Когда он, возвышаясь над кафедрой с огромной логарифмической линейкой в руках, развивал еще не разрешенные математические проблемы, то все, кто слушал его, чувствовали, что принимают непосредственное участие в процессе рождения новых идей. Была только одна математическая проблема, так называемая «последняя теорема Ферма», от решения которой Гильберт умышленно воздерживался, хотя, разрешив ее, он мог бы приобрести целое состояние — сотню тысяч золотых марок. Эту сумму ученые, граждане города Дармштадта, еще в XVII в. завещали любому, кто сумеет найти правильное решение.

Поскольку такого человека не находилось, распорядители фонда имели право направить эту сумму на любой предмет. И они предоставили возможность знаменитым математикам и физикам ежегодно выступать с лекциями в Геттингене. Анри Пуанкаре, Г. А. Лоренц, Арнольд Зоммерфельд, Планк, Дебай, Нернст, Нильс Бор и Смолуховский были среди тех, кто на эти средства приглашался в Геттинген. «Это просто счастье, что я, вероятно, являюсь единственным человеком, который может разгрызть орешек, — говорил каждый раз Гильберт, когда ежегодно оказывалось, что представленные дилетантами и профессиональными математиками решения проблемы, как обычно, не отвечали требованиям. И я должен крепко позаботиться о том, чтобы не убить курицу, которая несет нам такие великолепные золотые яйца».
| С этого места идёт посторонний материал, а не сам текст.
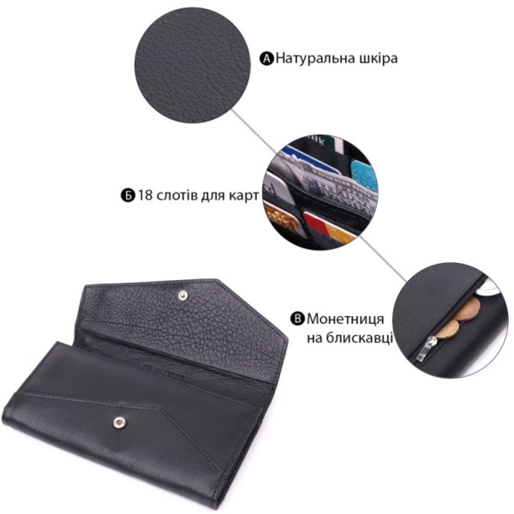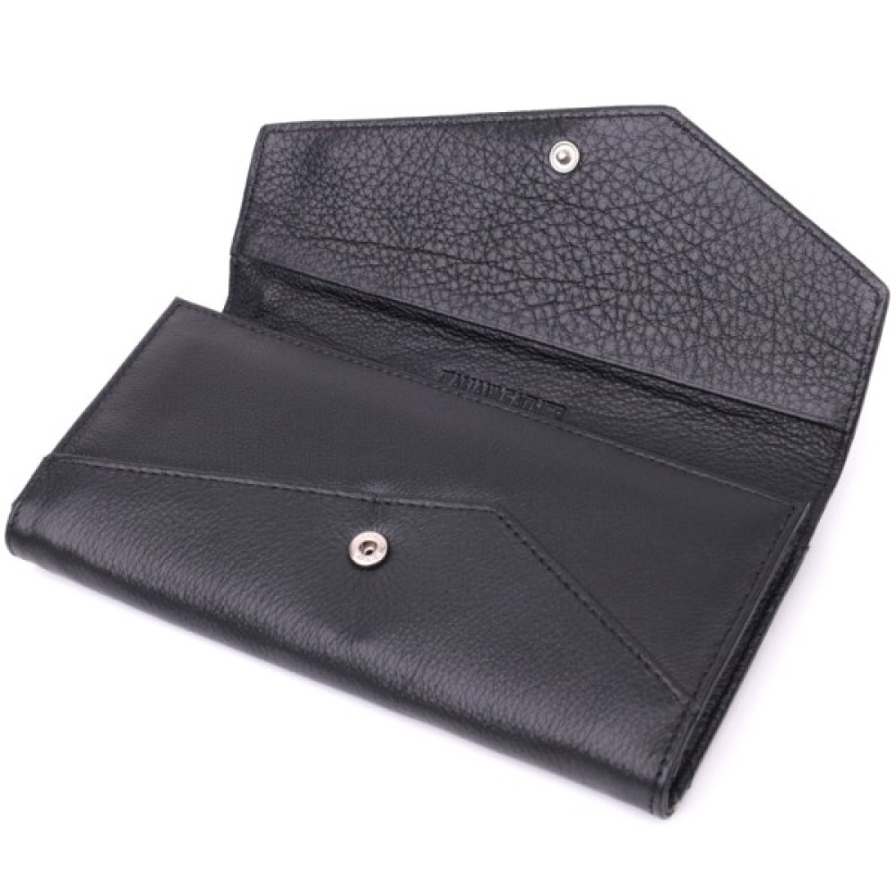 Зручне жіноче портмоне з незвичайним геометричним клапаном, що закривається на кнопку. Модель пошита з якісної шкіри, яка чудово проявила себе у довгостроковій експлуатації.

Каждый четверг точно в три часа пополудни четыре «жреца» Математического института: Клейн, Рунге, Минковский и Гильберт собирались на веранде, выходящей в сад гильбертовского дома. Там стояла большая черная доска. Обсуждение новых формул часто начиналось именно в это время и именно здесь. Оно не прекращалось и в то время, когда участники бродили среди деревьев или по открытым полям в любую погоду, добираясь даже до дальнего отеля на холмах.

Здесь за чашкой кофе прославленный квартет обсуждал всевозможные вопросы, касавшиеся их личной жизни, любимого университета и вообще всего мира. Часто эти беседы прерывались громким смехом, который давал передышку их умам, достигавшим границ недоступного.

Одним из многочисленных новшеств, которыми изобретательный талант Клейна обогатил Геттинген, было создание математического читального зала в здании аудиториума. Здесь имелись не только ведущая периодическая литература мира по математике и физике, но и различные руководства, учебники, конспекты и полные машинописные тексты читаемых лекций. Преподаватели и студенты могли в полном спокойствии работать здесь между лекциями и, что зачастую оказывалось еще более важным, спорить по изучаемым предметам. Дебаты между физиками и математиками никогда не прекращались.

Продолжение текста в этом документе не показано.